Dataset section
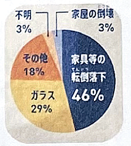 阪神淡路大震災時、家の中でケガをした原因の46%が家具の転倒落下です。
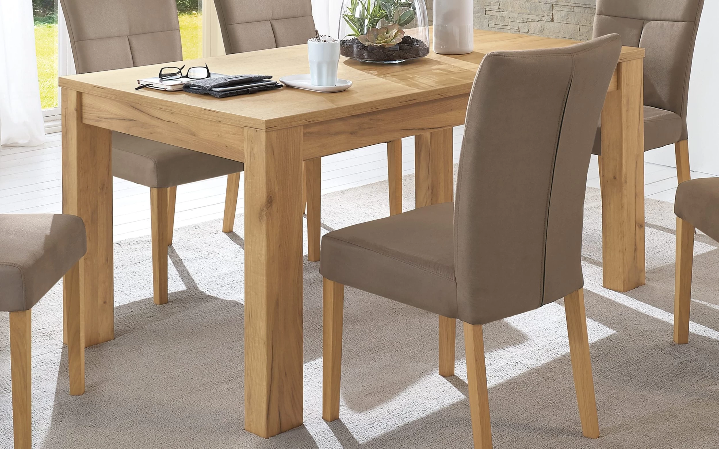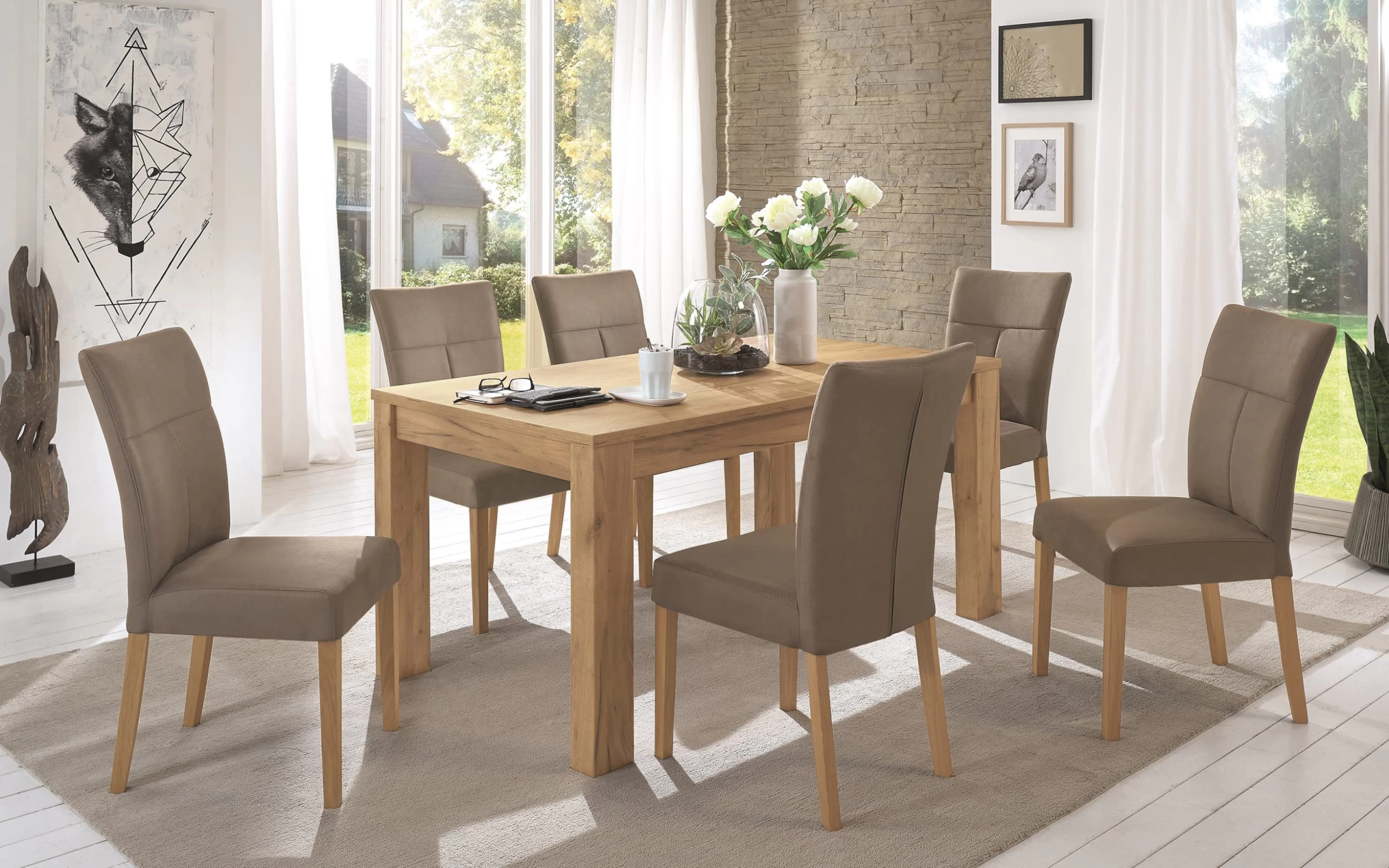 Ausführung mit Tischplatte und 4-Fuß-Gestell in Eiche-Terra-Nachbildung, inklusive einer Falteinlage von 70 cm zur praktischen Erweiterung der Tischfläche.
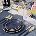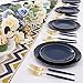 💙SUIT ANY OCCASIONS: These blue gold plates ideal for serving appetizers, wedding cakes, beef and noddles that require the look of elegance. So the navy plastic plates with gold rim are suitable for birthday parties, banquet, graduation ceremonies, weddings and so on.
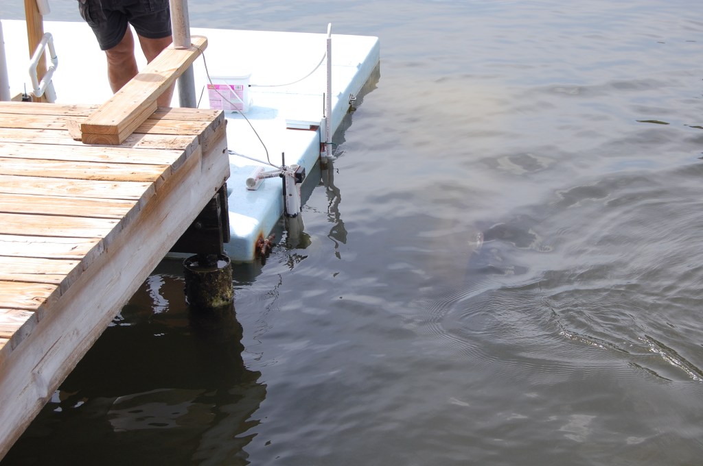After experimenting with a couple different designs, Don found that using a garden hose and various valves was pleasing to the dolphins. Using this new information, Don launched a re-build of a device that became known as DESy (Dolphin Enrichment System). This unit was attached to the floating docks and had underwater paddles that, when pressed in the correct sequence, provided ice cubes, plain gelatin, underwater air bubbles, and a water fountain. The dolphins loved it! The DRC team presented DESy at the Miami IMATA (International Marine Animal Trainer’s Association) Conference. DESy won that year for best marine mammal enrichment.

What you will do
Reproduce only the lines from the beginning of the data through the line that contains "Ausführung mit Tischplatte", both included, and please drop the pictures.

Task answer
 阪神淡路大震災時、家の中でケガをした原因の46%が家具の転倒落下です。
 Ausführung mit Tischplatte und 4-Fuß-Gestell in Eiche-Terra-Nachbildung, inklusive einer Falteinlage von 70 cm zur praktischen Erweiterung der Tischfläche.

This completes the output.